--- ASSIGNED TASK ---
Everything in the entries except the pictures must be repeated exactly.

◇ ◇ ◇ ◇ ◇ ◇ ◇

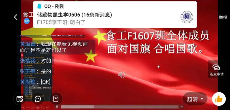 2016级食品科学与工程专业F1607班班主任张玉荣老师利用钉钉进行视频直播,在班会议程中,增加“凝视国旗,齐唱国歌”环节,从会议开始就培养学生的爱国情怀。在班会进行过程中,张老师邀请学工部部长黄泽峰进入直播间,受到广大学生的热烈欢迎。2018级食品科学与工程专业F1801班班主任王远辉老师,选取疫情防控志愿者逯艳超同学线上发言,讲解志愿服务工作中的所见所闻与疫情防控相关知识,以个人实际经历鼓励广大学生坚定信心,振奋精神,共同打赢疫情防控阻击战。外语学院英语1903班的班会不仅选用了大量图片,还通过播放本班级制作的视频向同学们传递感动的故事和精彩瞬间。经济贸易学院经济1602班王松梅老师、财政1802班李小珍老师、金融1801班李振宇老师、经济1703王秋瑾等多位老师采用QQ直播的方式开展网络会议,在直播间与同学们积极互动,调动同学们的参与度。老师们还制作了精美的PPT,将“QQ直播间”和“屏幕分享”相结合,鼓励同学们尽快适应新的网络教学新模式,达到在家也能自主高效学习的目标。辅导员们借助网络班会对学生开展群体心理辅导,缓解学生焦虑情绪,帮助大家从容面对不良情绪。机电工程学院在网络班会中通过组织学习诸多感人肺腑的抗疫先进人物事迹。使同学们增强向模范学习意识,勇于肩负起时代赋予的使命与责任,与祖国同命运,与人民共患难,为打赢疫情防控阻击战作出应有的贡献。
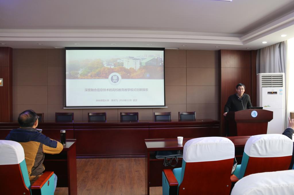 12月12日,华中师范大学李鸿飞教授应邀来beat365官网作了题为《深度融合信息技术的高校教育教学模式创新实践》的教学研究报告。
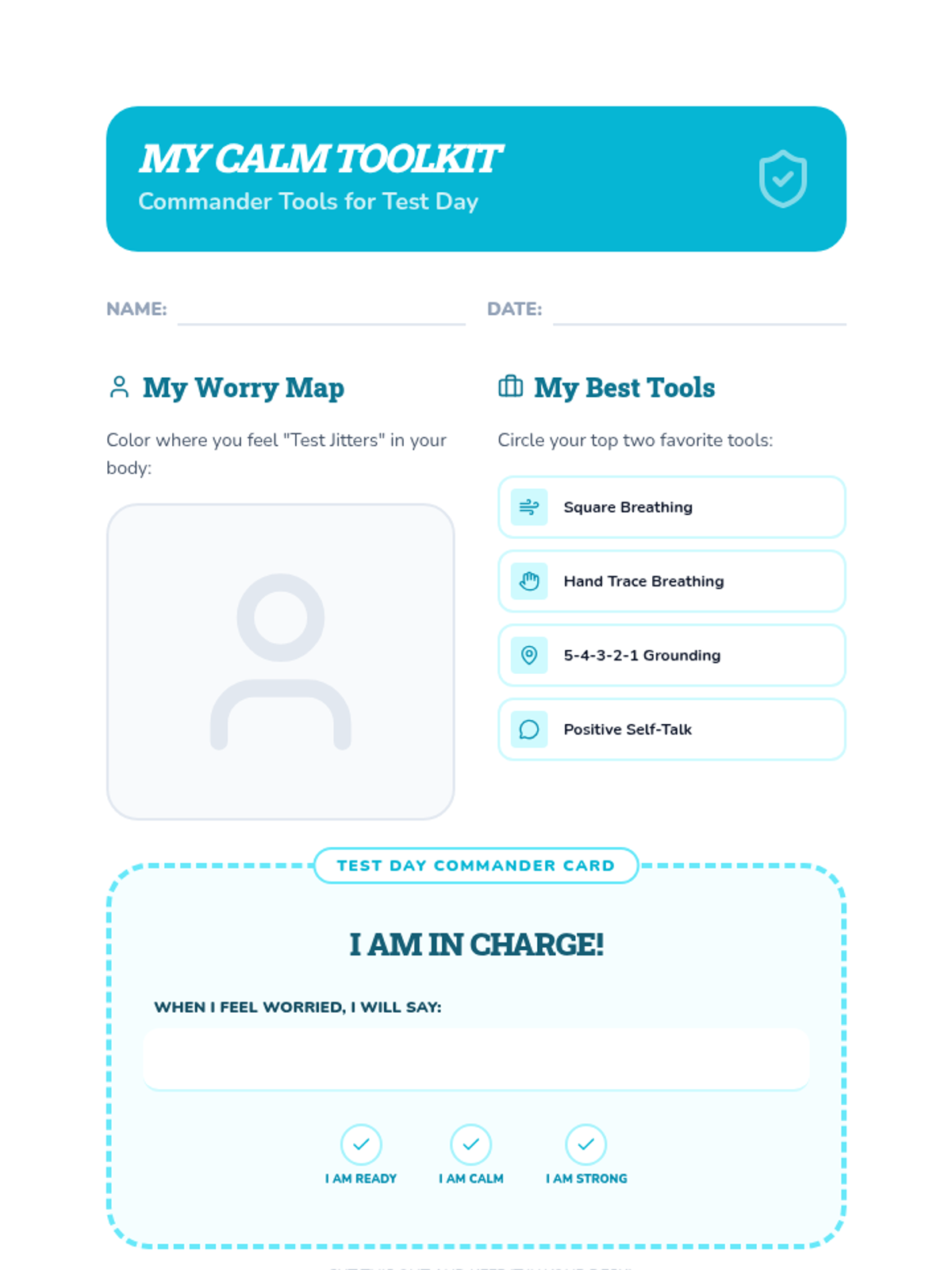 Student worksheet for Session 5, focusing on favorite coping tools and a personalized "Commander Card", optimized for 8.5x11 printing.
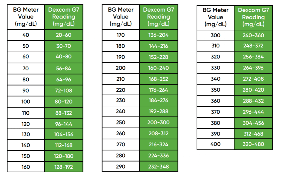 Dexcom G7 Calibration Chart
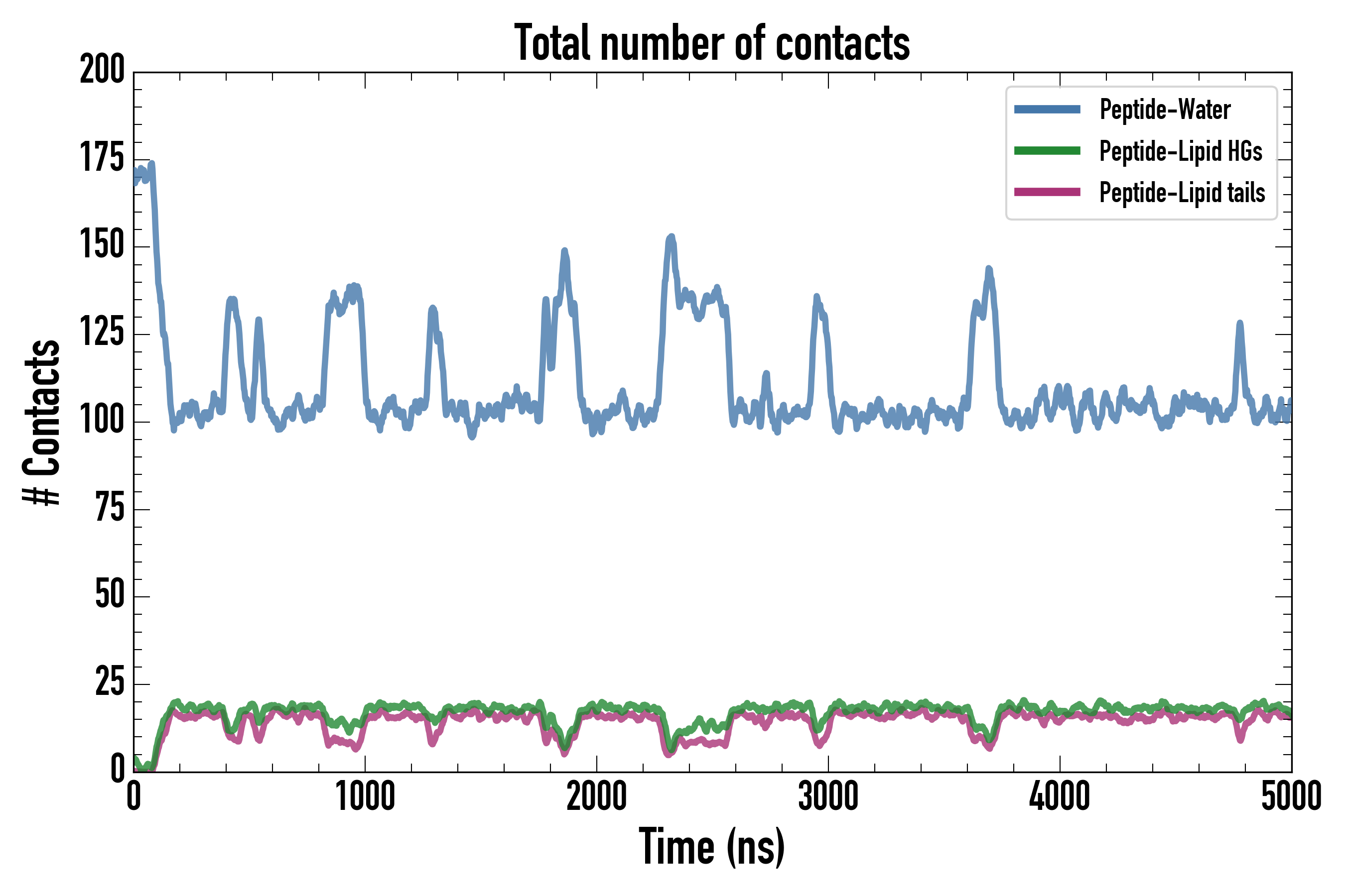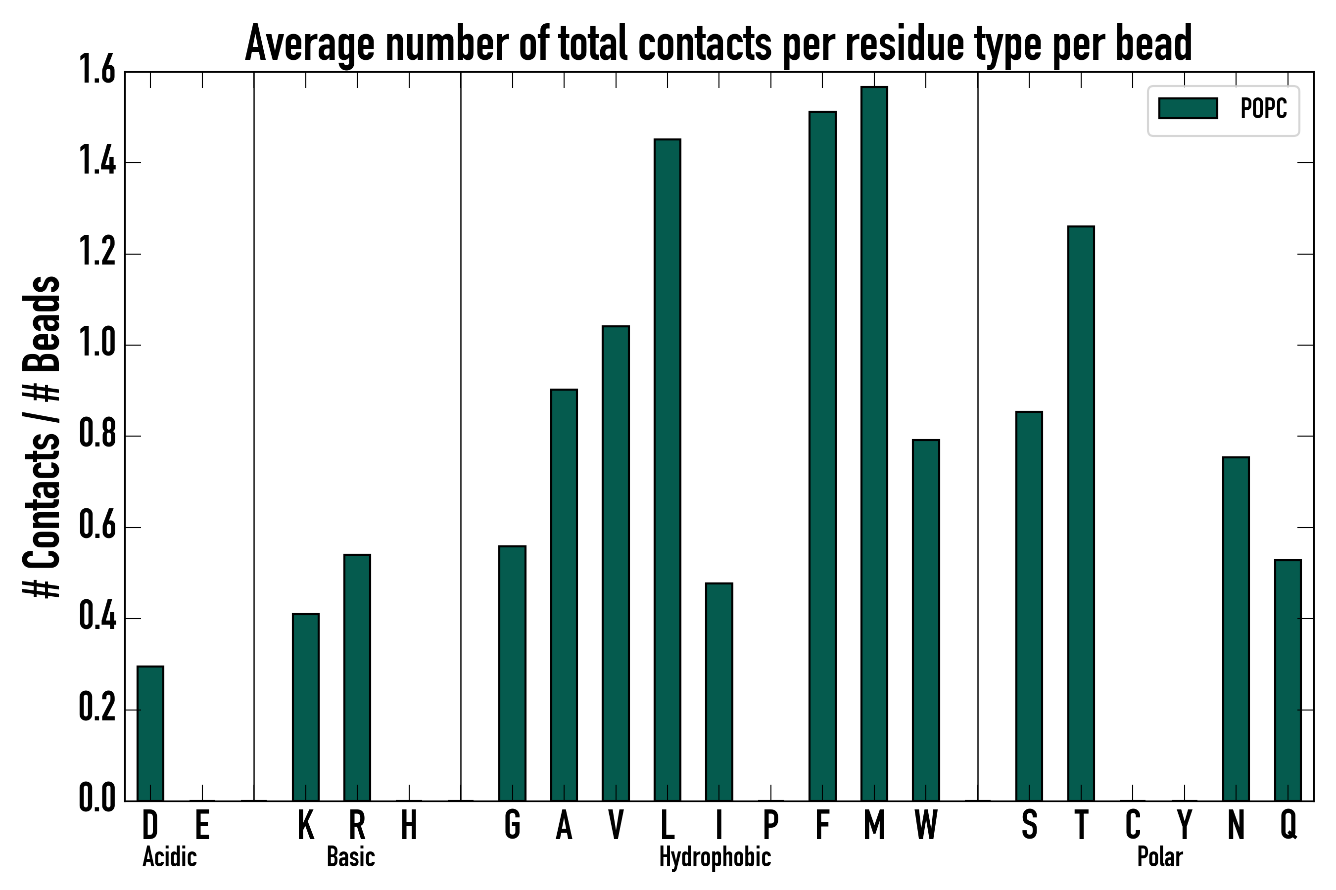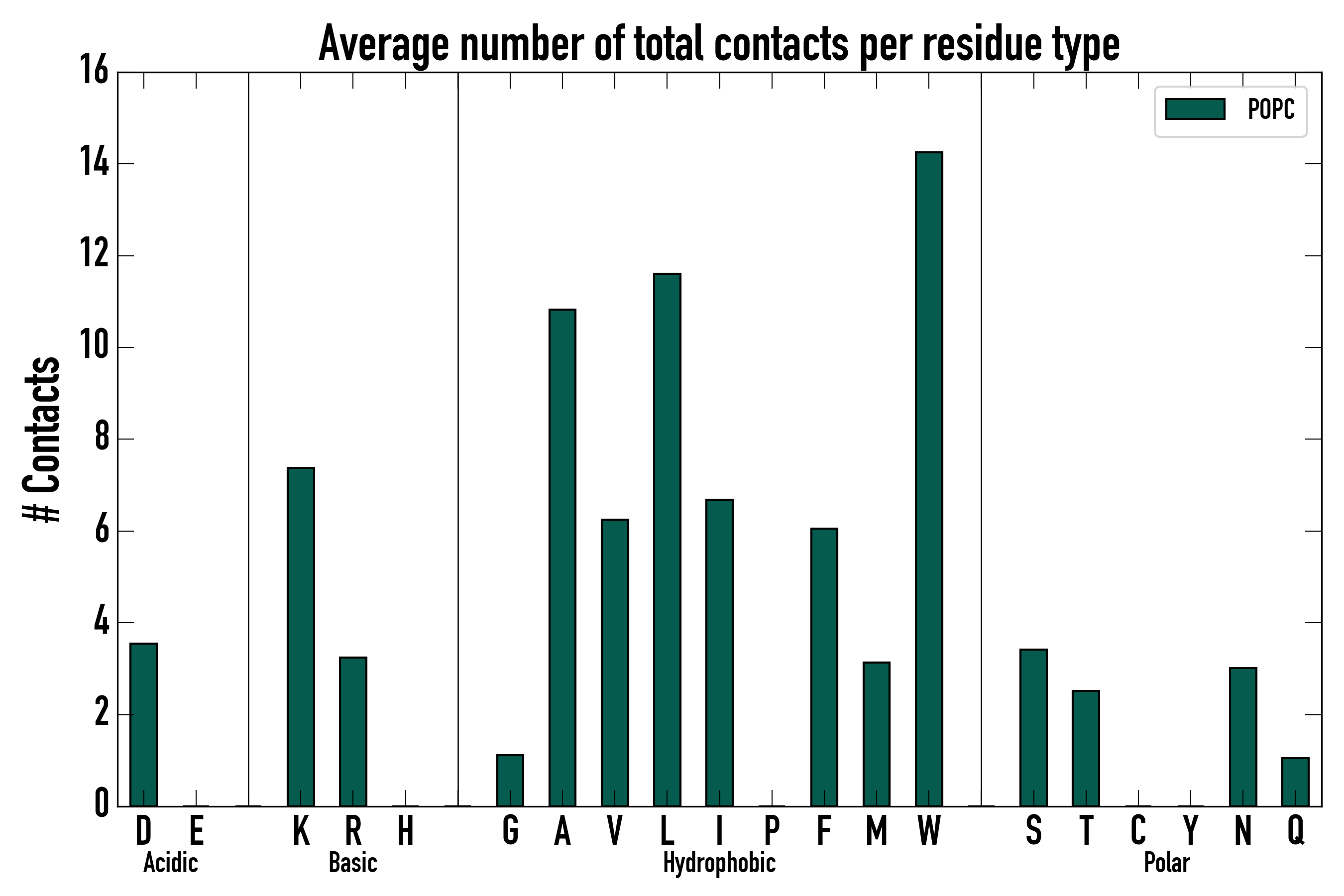 Number of contacts between each residue of the peptide backbone and the different lipid types, averaged over the last microsecond and using a cut-off of 0.6 nm.
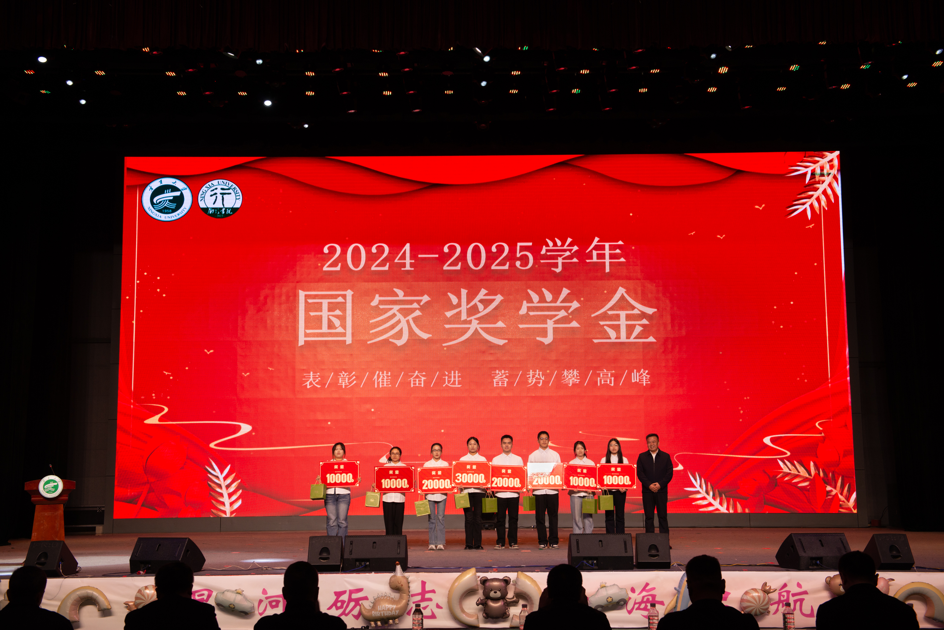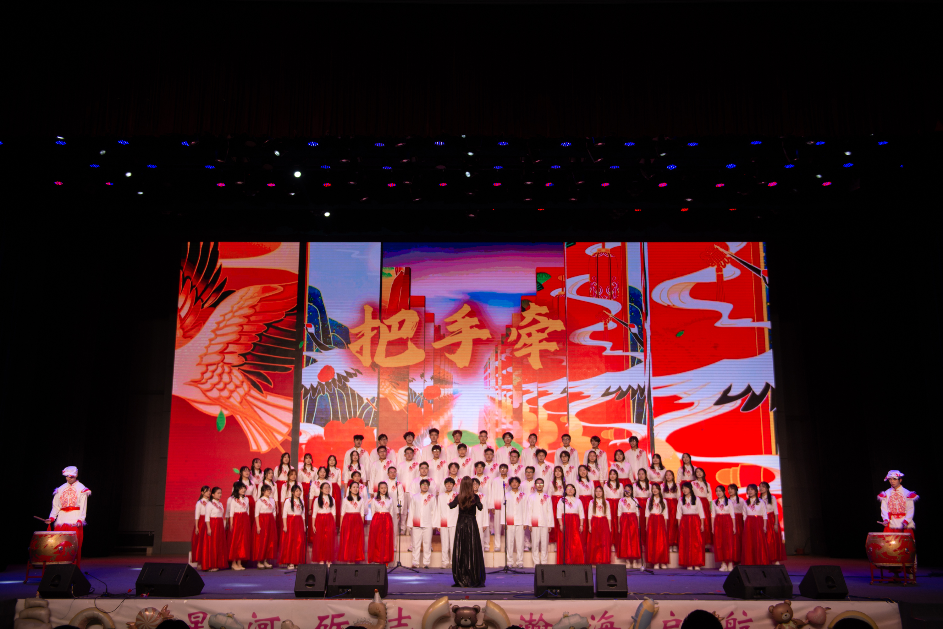 “星河砺志,瀚海起航”迎新晚会在热情洋溢的摇滚音乐氛围中拉开序幕。晚会节目编排独具匠心,从“星聚·塞上”“躬耕·瀚海”“励学·致远”三个篇章来展现。乐队、街舞、合唱、朗诵、民族舞、舞蹈串烧等14个精彩节目轮番登场,为师生呈现出一场丰富的视听盛宴。观众们情绪高涨、热血沸腾。最后,晚会在舞蹈《相亲相爱》的演绎中落下帷幕。

◇ ◇ ◇ ◇ ◇ ◇ ◇

--- SOLUTION FOR THIS PROBLEM ---
 2016级食品科学与工程专业F1607班班主任张玉荣老师利用钉钉进行视频直播,在班会议程中,增加“凝视国旗,齐唱国歌”环节,从会议开始就培养学生的爱国情怀。在班会进行过程中,张老师邀请学工部部长黄泽峰进入直播间,受到广大学生的热烈欢迎。2018级食品科学与工程专业F1801班班主任王远辉老师,选取疫情防控志愿者逯艳超同学线上发言,讲解志愿服务工作中的所见所闻与疫情防控相关知识,以个人实际经历鼓励广大学生坚定信心,振奋精神,共同打赢疫情防控阻击战。外语学院英语1903班的班会不仅选用了大量图片,还通过播放本班级制作的视频向同学们传递感动的故事和精彩瞬间。经济贸易学院经济1602班王松梅老师、财政1802班李小珍老师、金融1801班李振宇老师、经济1703王秋瑾等多位老师采用QQ直播的方式开展网络会议,在直播间与同学们积极互动,调动同学们的参与度。老师们还制作了精美的PPT,将“QQ直播间”和“屏幕分享”相结合,鼓励同学们尽快适应新的网络教学新模式,达到在家也能自主高效学习的目标。辅导员们借助网络班会对学生开展群体心理辅导,缓解学生焦虑情绪,帮助大家从容面对不良情绪。机电工程学院在网络班会中通过组织学习诸多感人肺腑的抗疫先进人物事迹。使同学们增强向模范学习意识,勇于肩负起时代赋予的使命与责任,与祖国同命运,与人民共患难,为打赢疫情防控阻击战作出应有的贡献。
 12月12日,华中师范大学李鸿飞教授应邀来beat365官网作了题为《深度融合信息技术的高校教育教学模式创新实践》的教学研究报告。
 Student worksheet for Session 5, focusing on favorite coping tools and a personalized "Commander Card", optimized for 8.5x11 printing.
 Dexcom G7 Calibration Chart
 Number of contacts between each residue of the peptide backbone and the different lipid types, averaged over the last microsecond and using a cut-off of 0.6 nm.
 “星河砺志,瀚海起航”迎新晚会在热情洋溢的摇滚音乐氛围中拉开序幕。晚会节目编排独具匠心,从“星聚·塞上”“躬耕·瀚海”“励学·致远”三个篇章来展现。乐队、街舞、合唱、朗诵、民族舞、舞蹈串烧等14个精彩节目轮番登场,为师生呈现出一场丰富的视听盛宴。观众们情绪高涨、热血沸腾。最后,晚会在舞蹈《相亲相爱》的演绎中落下帷幕。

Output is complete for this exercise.